Dis

It started with a knock on the door. It being the thing that changed my life. A simple knock, who knew it could lead to so much regret and sorrow. The person who knocked on my door was an elf. I despised elves. They had refused to help my kin many years ago when the dragon Smaug first desolated Erebor. Many died because of their refusal to aid us. The dead included my husband. That was why I had a burning hatred for elves. It was because they refused to help my kind that I hated them. That changed, though, because of the knock.

A she elf, heavily pregnant was the one who knocked. I eyed her with suspicion. Why would an elf ever come to the Blue Mountains, especially one in a condition like hers. Elves and dwarves were enemies, especially in my eyes.

"What do you want?" I said angrily.

"Can you help me?" the she elf asked.

"Why would I help you, elf scum!" I said, and slammed the door in her face. Elves were dangerous, treacherous creatures. They couldn't be trusted. From the window, I watched her walk away, into a nearby pine grove. Go back to where you belong, tree dweller! I thought to myself. Back to your precious little trees, where you went to all those years ago. Cowardly scum. They wouldn't help my people, not even the children, when we were forced into exile. She had weapons, she could take care of herself.
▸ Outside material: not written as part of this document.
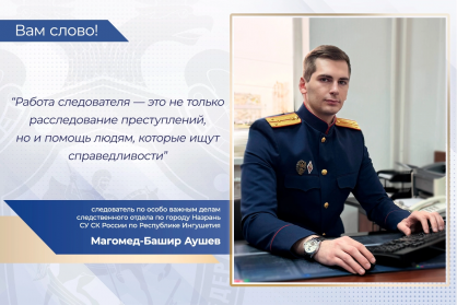 В проекте «Вам слово!» принимает участие следователь по особо важным делам следственного отдела по городу Назрань СУ СК России по Республике Ингушетия Магомед-Башир Аушев
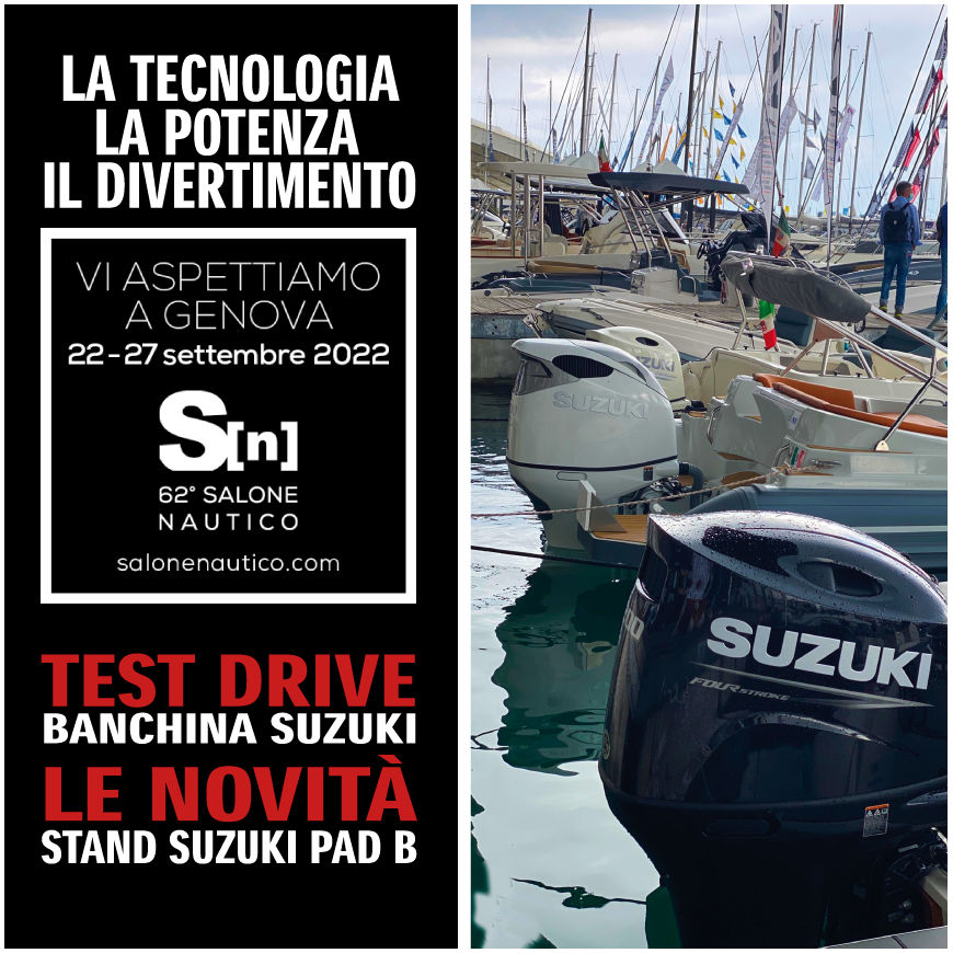 Dal 22 al 27 settembre Suzuki esporrà al Salone Internazionale di Genova, Pad. B, mettendo in mostra la sua gamma di fuoribordo tecnologicamente avanzata e accoglierà gli appassionati in uno spazio rivoluzionato, per offrire ai suoi ospiti una visione concreta di quello che è il mondo Suzuki.

Evening was drawing to a close. I got out of my rocking chair, where I had been knitting and thinking. Why would an elf ever come here, and to me specifically. I didn't know, nor did I care about elf scum.

I retired to bed.


Tauriel

My shoulders slumped as I walked away from Dis's door, the sound of the door being slammed in my face still resonating in my ears. I was hoping for acceptance, warmth, light, and love, but that had not happened. All of those things had happened when I was with Kili, and none of them when I was in Mirkwood after his death. Even in my homeland, I was isolated. None accepted my love for Kili, and when I discovered I was carrying his child, I fled. I was lost and confused. I didn't know where to go or who would welcome me. I wandered the world for a few months, searching for a place where prejudice was nonexistent, and the child and I could be safe and happy. I thought I would find it, but I did not. I could not. Everywhere I went, suspicious glances were cast at me, and whispers running like a river, wondering who I was, where I was from, and once the child made itself known, where was its' father. I had left one town of Men one night, after having an experience where I was forced to draw my blades on several of the citizens, who were determined to run the stranger out of town, blaming me for bad weather that had caused the crops to whither. I had an idea that night. I would go to Kili's home, to the Blue Mountains, and seek out his mother, after all, she should know her grandchild.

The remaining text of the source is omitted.